- Other names: Jim Powers
- Occupation: Economist
- Employer: Self
- Television: Prime Time Tonight with Vincent Browne
- Board member of: Agri-Aware, a food awareness body; Chairperson of Love Irish Food

= Jim Power (economist) =

Irish economist

Jim Power is a self-employed economist and podcaster, previously Chief Economist at Friends First, a subsidiary of insurance multinational Achmea. From Waterford, Ireland, he is married and has children.

Power attended University College Dublin (UCD). He has worked for the Bank of Ireland as its Chief Economist, and for Allied Irish Banks as its Treasury Economist. He teaches at Dublin City University and at UCD's Michael Smurfit Graduate Business School.

His weekly column features in the Irish Examiner, and he is often to be seen commentating in Ireland's media, in newspapers, on radio, and on television programmes such as the now defunct Tonight with Vincent Browne.
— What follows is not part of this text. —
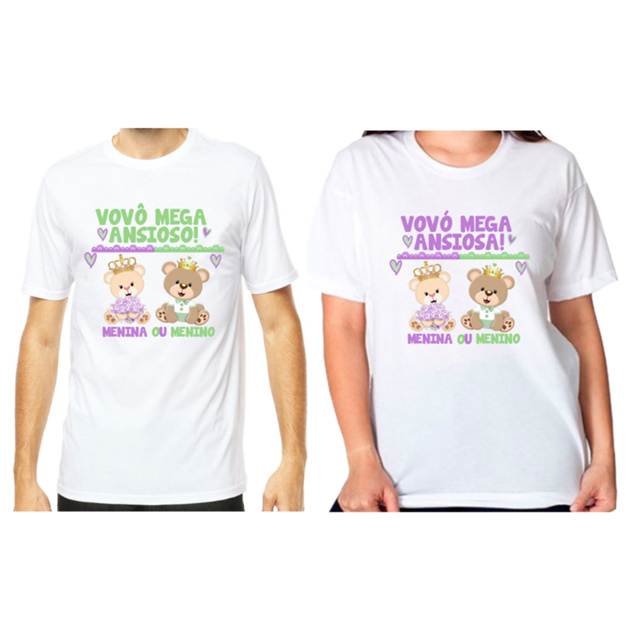 2 camisetas, blusas personalizadas vovô e vovó mega ansiosos verde e lilás chá revelação 1212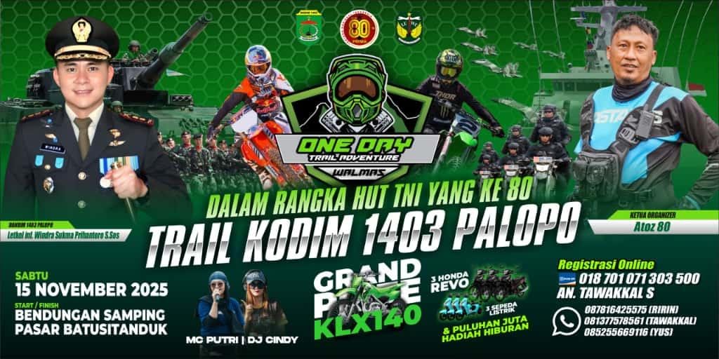 PALOPO, TEKAPE.co – Untuk memeriahkan Hari Ulang Tahun ke-80 Tentara Nasional Indonesia (TNI), Kodim 1403/Palopo akan menggelar One Day Trail Adventure Walenrang Lamasi pada 15 November 2025.

He also edits Friends First's Quarterly Economic Outlook.

In April 2007, Power appeared on Prime Time where he vehemently opposed UCD Professor of Economics Morgan Kelly's warning that Ireland was heading for economic disaster. Power repeatedly insisted that the Irish property bubble would become "more sustainable in the long term", that it would not burst, and that "the reality is that those things [soaring interest rates, employment shortage, a lot of foreign multinationals leaving the country] are unlikely to happen". Within months it had.

Power later took to writing about the financial crisis. His first book, Picking Up the Pieces, appeared in 2009. Dublin Central TD Paschal Donohoe said it was a "humane thought provoking book."

Since February 2021 he has been hosting his own podcast The Other Hand with fellow economist Chris Johns.